14/12/14

Carta a una amiga desde la no mente




Buenos días de sábado, María.

Todos los “istas” y todos los “ismos” viven anclados a un sistema de creencias. Esto no es ni bueno ni malo. Simplemente es así. Y todos los sistemas de creencias, del tipo que sean, sin excepción, son producto de la mente. Por lo mismo, son verdad para los que creen en ellos. Pero ninguno es real, porque lo real está más allá de la mente, del lenguaje y del tiempo y la mente jamás podrá entenderlo, ni vivirlo, ni experienciarlo. La mente piensa “acerca de”. Y el “acerca de” se transforma en la barrera que impide ver lo real.

Toda la gente que pasa sus días bajo el influjo de un sistema de creencias responde a un mismo patrón, que se resume en estos dos puntos:

+En ese mundo, su mundo, todo es verdad (cada uno la suya) y, sin embargo, nada es Real.

+Para ellos las cosas no son como son, sino como ellos mismos son. Y son lo que creen que son o pretenden ser.

Expresado en sentido inverso: lo que creen que son o pretenden ser lo proyectan mentalmente hacia afuera y ven el mundo como reflejo de ellos mismos, de sus creencias, juicios, opiniones, elecciones, preferencias… Y esto lo convierten en su verdad. Y sí, indiscutiblemente es verdad, pues es verdad para ellos. Sin embargo, nada tiene que ver con lo Real.

¿Y qué es lo Real? La vida sin más. Sin nada que creer, ni pensar, ni temer, ni dudar… La vida que se vive tal como es, sin nada que cambiar, ni desear, sin ninguna queja… Sólo así se contempla y vive lo real… Vivir Viviendo en un sí constante a la vida, que más da que pegue o bese. Y entonces y sólo entonces se percibe la esencia de la vida. ¿Qué es? En palabras humanas, lo que más se aproxima a esa esencia es el Amor… El Amor que glosó Pablo de Tarso en el capítulo 13 de su Primera Carta a los Corintios y sobre el que Albert Einstein, en la célebre carta a su hija Lieserl (nacida en secreto de su relación prematrimonial con Mileva Maric), afirmó: “Hay una fuerza extremadamente poderosa para la que hasta ahora la ciencia no ha encontrado una explicación formal.

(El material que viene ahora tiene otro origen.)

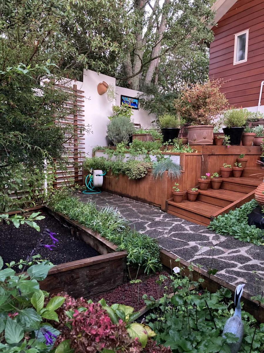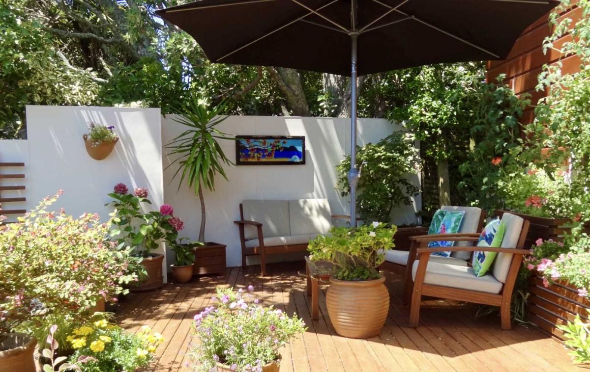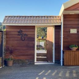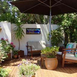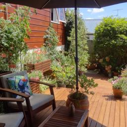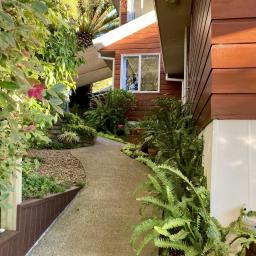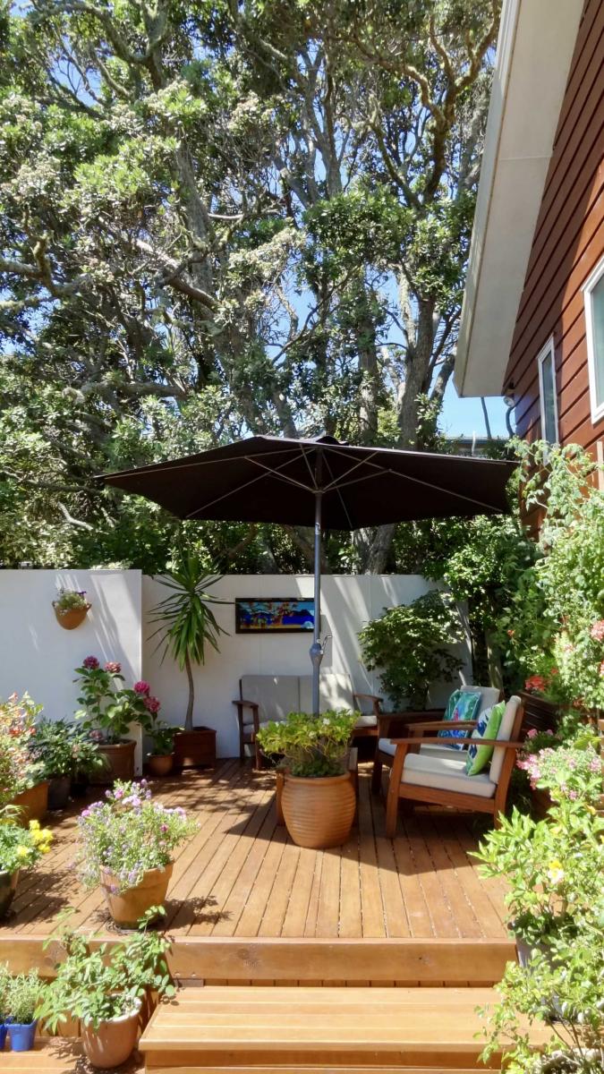 You’ll enjoy the private, fully fenced back garden, safe for children and pets. This tropical oasis, framed by mature flowering trees and banana palms, is a great place to soak up the sun, or dine in the shade of the giant pohutukawa, enjoying the many visiting tui, kereru, rosellas and fantails. Two large decks step down to lower gardens with perfumed climbing roses, a water feature, and space for a swing seat. Here you’ll also find a raised veggie garden, ready to plant out to nourish your family with fresh homegrown produce.

Es una fuerza que incluye y gobierna a todas las otras; y que incluso está detrás de cualquier fenómeno que opera en el Universo y aún no haya sido identificado por nosotros. Esta fuerza universal es el Amor. Cuando los científicos buscaban una teoría unificada del Universo olvidaron la más invisible y poderosa de las fuerzas”.

Amor es lo que eres; Amor es lo que Es. Se acabaron las culpas, los errores, las cargas, los karmas, los pecados, los lastres, las autolimitaciones mentales, los sueños... Nada de ello es real. Sólo el Amor lo es... Viviendo el Amor que eres, vives fuera de la mente, sin identificarte con nada, libre, sin ningún sistema de creencias. Y tomas el mando consciente de tu vida, que ya no es “tú” vida, sino la vida misma. Vives desde la consciencia, en consciencia y con consciencia... Consciencia pura, mirada limpia: sin interferencias, sin juicios, sin interpretaciones, sin deseos, sin quejas. Todo es tal como es y exactamente como tiene que ser. Tú también… Por fin, te contemplas a ti misma como realmente eres: sin identidad propia, pero siendo todo; sin percepción de sujeto, pero absorbiendo en ti la totalidad de los objetos, que dejan de ser tales para ser tú; nada y todo; todo y nada…

Ya no hay sueños ni despertares, ni preguntas ni repuestas, ni búsquedas ni encuentros, ni deseos ni frustraciones, ni creencias ni expectativas, ni caminos ni metas… Ya no nadas en el Río de la Vida, flotas en él hasta darte cuenta de que no es que flotes, sino que tú eres el Río, eres la Vida…. Se desvanece cualquier identidad: ya no sabes quién es quién, ni lo necesitas para nada; ya no sabes qué es qué, ni lo necesitas para nada. Te basta y te sobra con saborear la vida en su totalidad, sea lo que sea, traiga lo que traiga; te basta y te sobra con disfrutar de la existencia toda siendo tú misma toda la existencia… Te has transformado en el Río de la Vida y en la Vida misma. ¡Te has transformado en Dios! Nunca dejaste de serlo; aquí-ahora lo recuerdas, lo vives, lo experiencias, lo gozas…

No puedo compartir más contigo a través de las palabras...

Es todo tan sencillo, tan simple, tan fácil, tan divino… Vivir Viviendo… Mirada horizontal, nariz vertical… Esto es la iluminación: ¡tú misma!... Sin mente, sin lenguaje, sin tiempo.